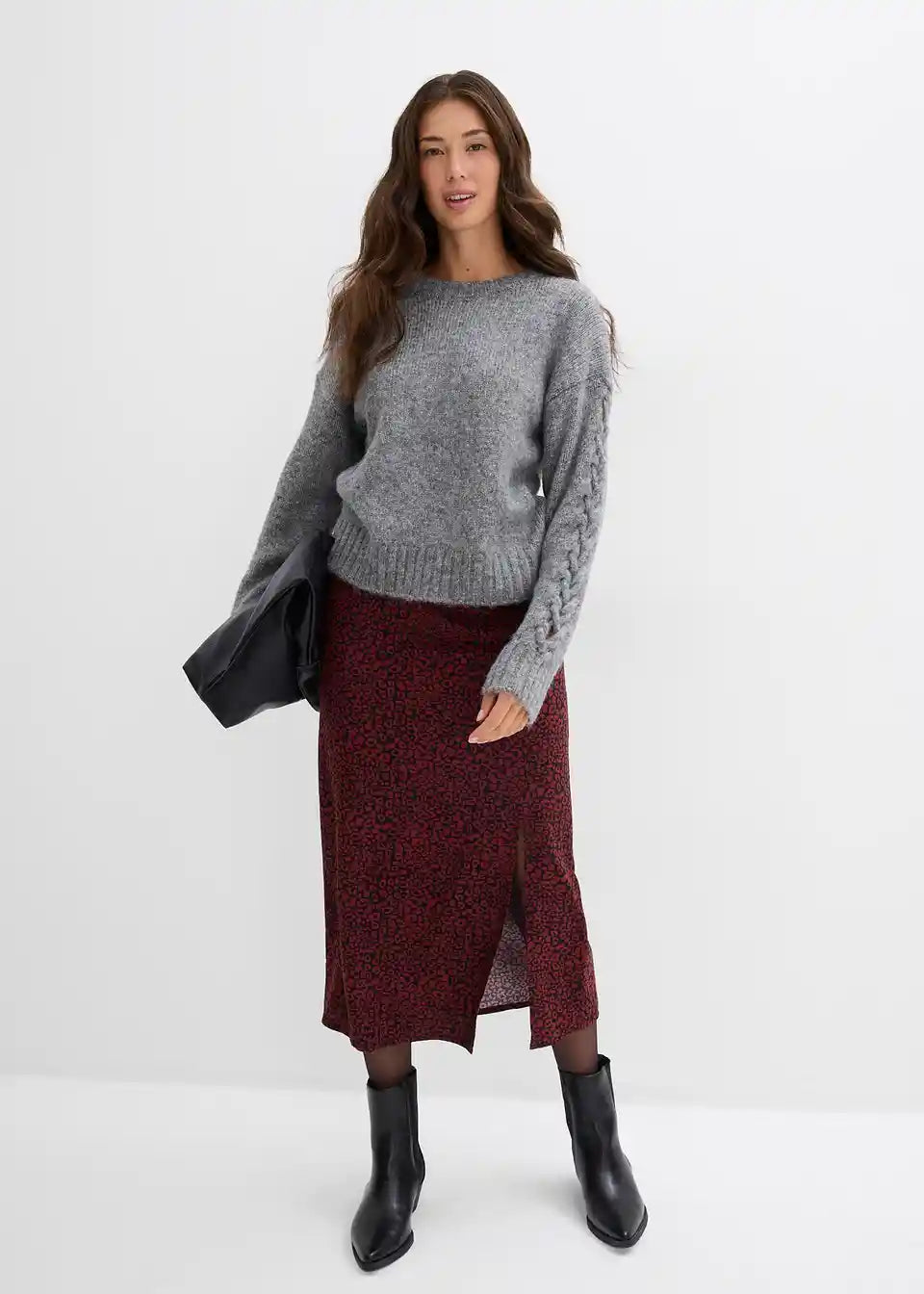 Modischer Midirock aus fließender Viskose mit seitlichem Schlitz
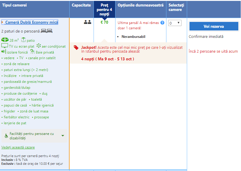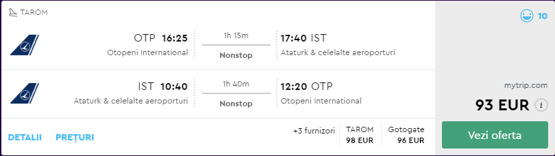 - Zbor: Bucuresti – Istanbul, 93 euro, dus-intors, TAROM, bagaj de cala inclus
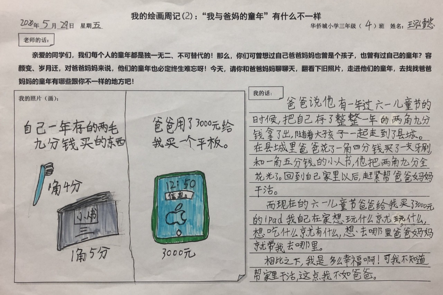 ▲媽媽說:“那會(huì)兒只有過六一兒童節(jié),才可以吃到大白兔奶糖。甜蜜蜜的味道,渴望了許久,吃了糖,糖紙都舍不得扔,還悄悄珍藏起來?!眿寢屵€說:“那時(shí),沒有漂亮的公主裙,只有純白的棉布裙,但還是特別的開心!”雖然我和媽媽在六一得到的禮物不同,但過節(jié)的心情都是激動(dòng)又難忘!
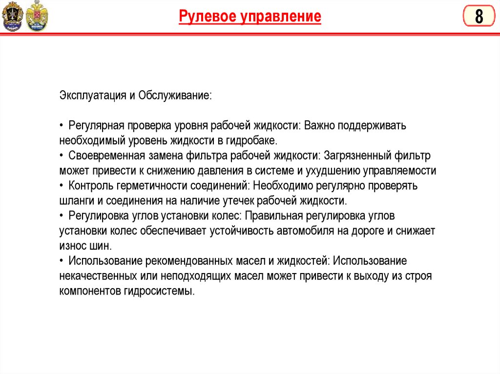 Рулевое управлениеЭксплуатация и Обслуживание:
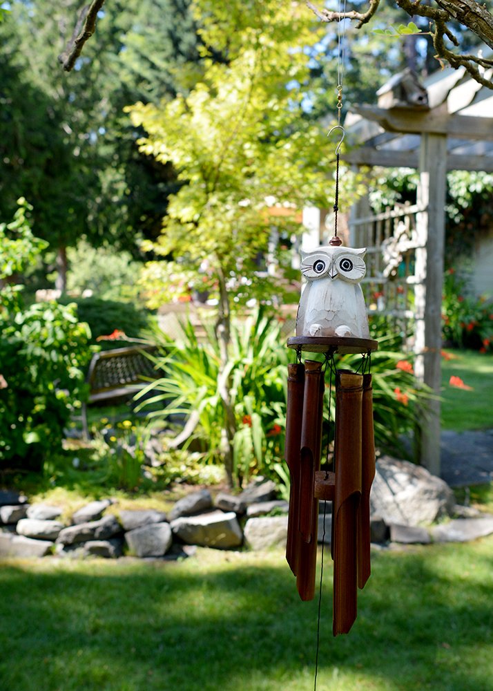 Carillon Éolien, Résistance Aux Intempéries Simple Carillon Éolien Carillon Éolien Extérieur À Suspendre Chouette Papillon Colibri Ange... Carillon À Vent Décoratif Hibou Chouette Suspendu Avec 4 Tubes Creux Et Description La base de ce carillon éolien exotique présente un magnifique hibou sculpté à la main avec une finition blanchie à la chaux. Le battant et le carillon sont fabriqués à partir de bambou et produisent ensemble un ton méditatif naturel. REMARQUE : Nos carillons en bambou populaires sont fabriqués à la main en Indonésie, où le climat est généralement chaud et humide...
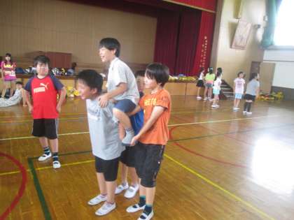 後半は,夏休みのくらしについて,再確認したり,運動会に向けて騎馬を組んでみたりしました。
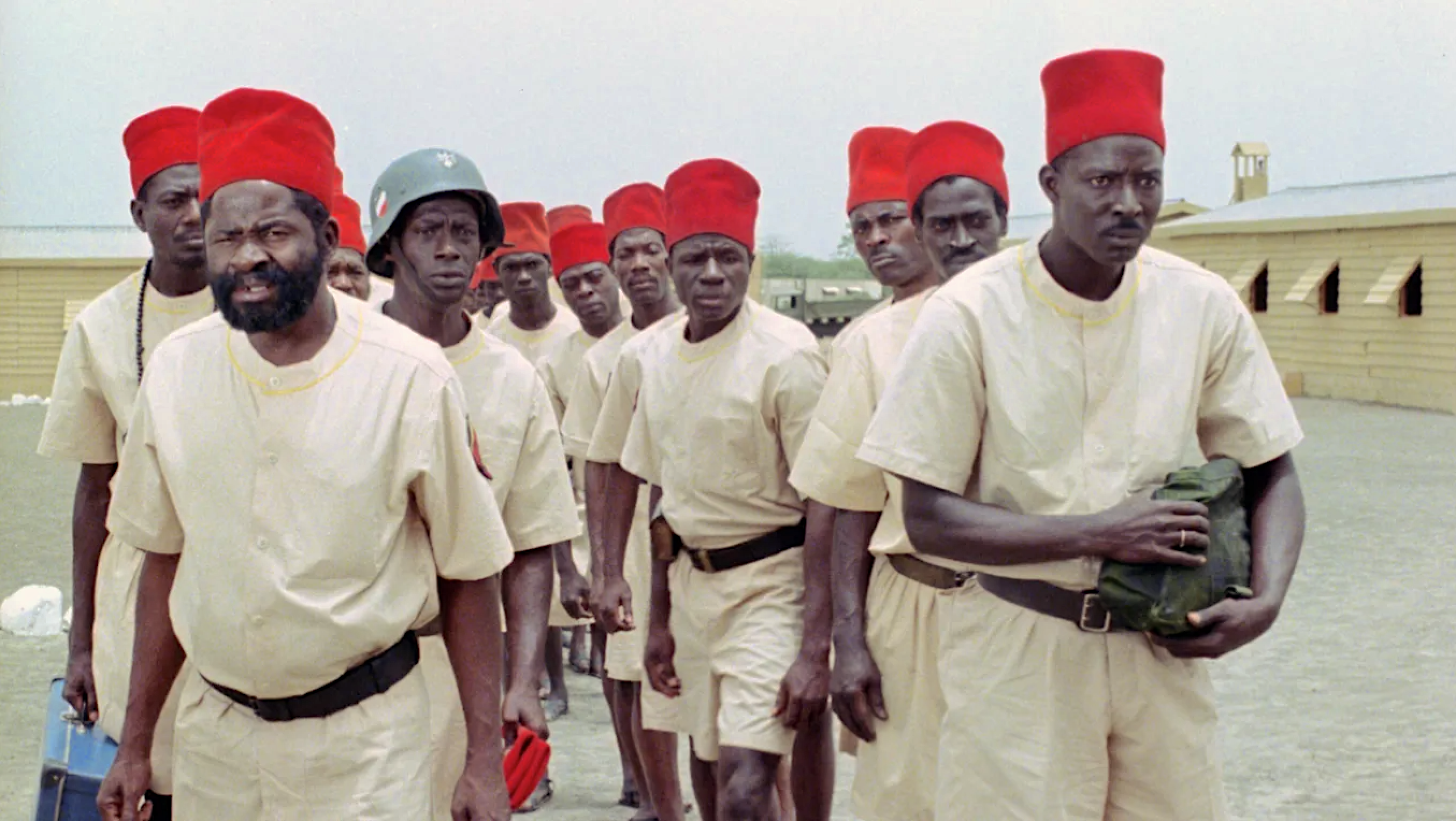 De ce drame accablant, l’une des tâches honteuses d’une histoire de France aux faux-airs de dalmatien, Thierno Faty Sow et Ousmane Sembène – lui-même ancien tirailleur – ont tiré un film de sable et de sang, une fresque de 2h30 : Camp de Thiaroye. Prix spécial du jury à la Mostra de Venise 1988, le métrage a, pourtant, longtemps été invisible sur les écrans français. Censuré, il a fallu attendre les années 2000 pour que l’étau se desserre, pour que le tout-venant hexagonal découvre – enfin ! – le morceau de tragédie caché derrière ces visages à chéchia ornant jusqu’ici, barrés d’un sourire niais, les boîtes de chocolat instantané (à ce sujet, vous pouvez voir L’Ami Y’a Bon de Rachid Bouchareb comme un prequel aussi minimal qu’archétypal).
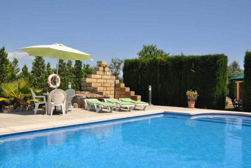 Gemütliches Ferienhaus mit großem Pool in einer ruhigen Umgebung mit fantastischem Panoramablick auf die Berge der Serra de Tramuntana, ungefähr ein Kilometer entfernt vom Santa Maria Stadt. \r\n
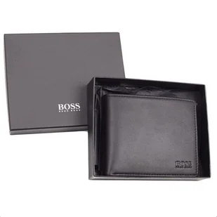 Hugo Boss czarny portfel męski skórzany Asolo pudełko bilon

TASK ITEM =>
Once the line containing "Рулевое управлениеЭксплуатация и" is located, write out exactly that line and each one after it to the end of the records above, excluding pictures and nothing else.

SOLUTION =>
 Рулевое управлениеЭксплуатация и Обслуживание:
 Carillon Éolien, Résistance Aux Intempéries Simple Carillon Éolien Carillon Éolien Extérieur À Suspendre Chouette Papillon Colibri Ange... Carillon À Vent Décoratif Hibou Chouette Suspendu Avec 4 Tubes Creux Et Description La base de ce carillon éolien exotique présente un magnifique hibou sculpté à la main avec une finition blanchie à la chaux. Le battant et le carillon sont fabriqués à partir de bambou et produisent ensemble un ton méditatif naturel. REMARQUE : Nos carillons en bambou populaires sont fabriqués à la main en Indonésie, où le climat est généralement chaud et humide...
 後半は,夏休みのくらしについて,再確認したり,運動会に向けて騎馬を組んでみたりしました。
 De ce drame accablant, l’une des tâches honteuses d’une histoire de France aux faux-airs de dalmatien, Thierno Faty Sow et Ousmane Sembène – lui-même ancien tirailleur – ont tiré un film de sable et de sang, une fresque de 2h30 : Camp de Thiaroye. Prix spécial du jury à la Mostra de Venise 1988, le métrage a, pourtant, longtemps été invisible sur les écrans français. Censuré, il a fallu attendre les années 2000 pour que l’étau se desserre, pour que le tout-venant hexagonal découvre – enfin ! – le morceau de tragédie caché derrière ces visages à chéchia ornant jusqu’ici, barrés d’un sourire niais, les boîtes de chocolat instantané (à ce sujet, vous pouvez voir L’Ami Y’a Bon de Rachid Bouchareb comme un prequel aussi minimal qu’archétypal).
 Gemütliches Ferienhaus mit großem Pool in einer ruhigen Umgebung mit fantastischem Panoramablick auf die Berge der Serra de Tramuntana, ungefähr ein Kilometer entfernt vom Santa Maria Stadt. \r\n
 Hugo Boss czarny portfel męski skórzany Asolo pudełko bilon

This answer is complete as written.